[[ Input open ]]

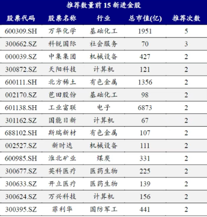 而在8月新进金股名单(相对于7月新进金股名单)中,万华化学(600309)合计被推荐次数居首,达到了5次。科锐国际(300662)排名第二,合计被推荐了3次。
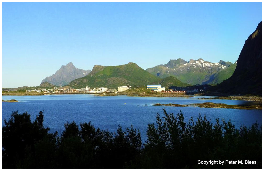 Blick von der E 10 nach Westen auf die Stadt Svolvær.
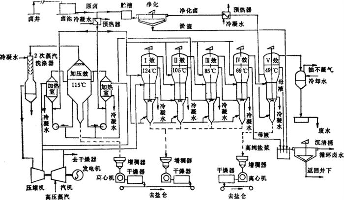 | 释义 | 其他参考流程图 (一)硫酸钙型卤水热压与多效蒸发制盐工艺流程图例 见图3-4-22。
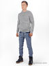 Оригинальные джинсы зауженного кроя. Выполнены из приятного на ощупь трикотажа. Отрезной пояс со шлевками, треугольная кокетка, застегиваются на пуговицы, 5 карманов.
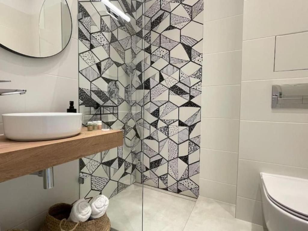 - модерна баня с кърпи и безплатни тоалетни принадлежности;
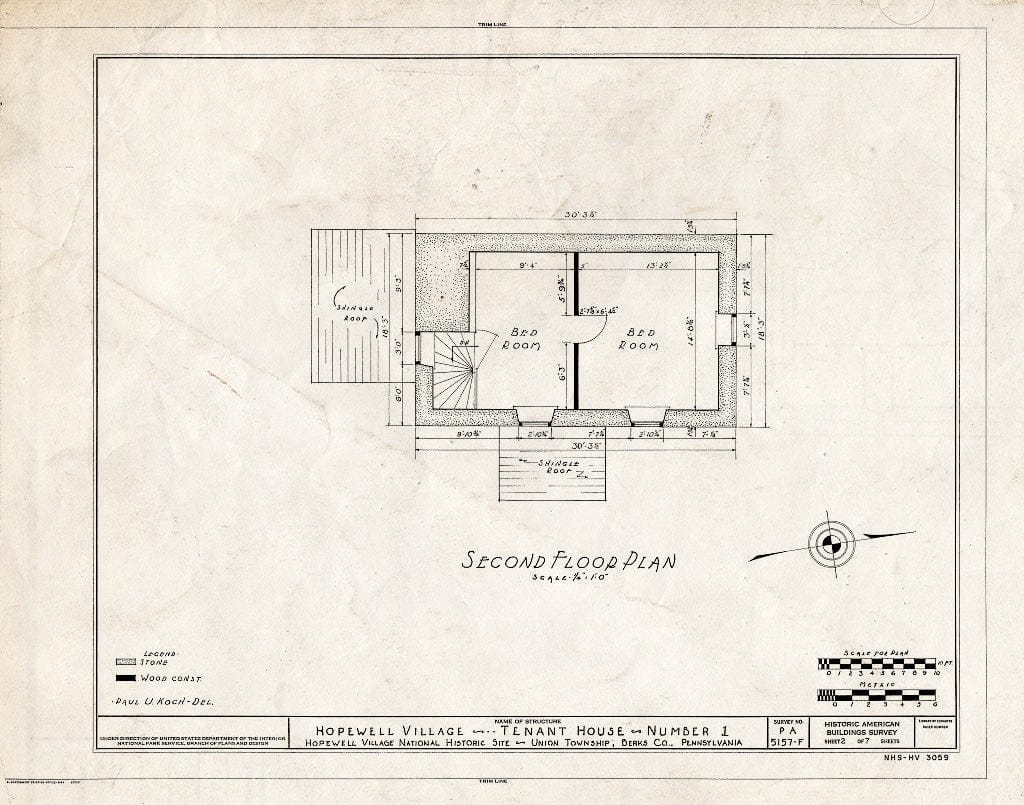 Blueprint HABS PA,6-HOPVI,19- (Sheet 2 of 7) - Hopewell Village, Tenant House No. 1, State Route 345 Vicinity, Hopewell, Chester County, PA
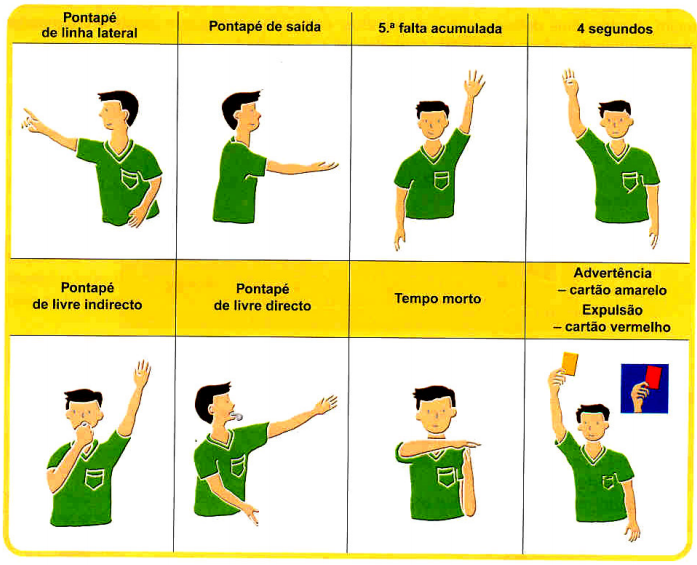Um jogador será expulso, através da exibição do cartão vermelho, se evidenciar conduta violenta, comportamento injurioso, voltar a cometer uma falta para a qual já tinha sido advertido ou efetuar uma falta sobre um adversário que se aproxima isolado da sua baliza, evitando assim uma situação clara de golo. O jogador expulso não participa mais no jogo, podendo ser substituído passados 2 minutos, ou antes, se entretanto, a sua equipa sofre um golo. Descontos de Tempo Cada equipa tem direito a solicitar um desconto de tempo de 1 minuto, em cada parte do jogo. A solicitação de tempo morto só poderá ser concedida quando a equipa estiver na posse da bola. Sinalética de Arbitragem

[[ Input closed ]]
[[ Input open ]]

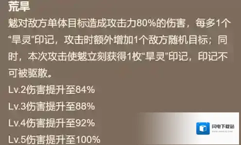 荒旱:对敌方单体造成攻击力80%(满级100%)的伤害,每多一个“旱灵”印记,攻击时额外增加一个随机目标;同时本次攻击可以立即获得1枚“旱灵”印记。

[[ Input closed ]]

### Exercise goal:
Using the records above, print exactly the run of lines that starts with the line with "Оригинальные джинсы зауженного" and goes on through the line with "Blueprint HABS PA,6-HOPVI,19- (Sheet", pictures excluded.

### Answer below:
 Оригинальные джинсы зауженного кроя. Выполнены из приятного на ощупь трикотажа. Отрезной пояс со шлевками, треугольная кокетка, застегиваются на пуговицы, 5 карманов.
 - модерна баня с кърпи и безплатни тоалетни принадлежности;
 Blueprint HABS PA,6-HOPVI,19- (Sheet 2 of 7) - Hopewell Village, Tenant House No. 1, State Route 345 Vicinity, Hopewell, Chester County, PA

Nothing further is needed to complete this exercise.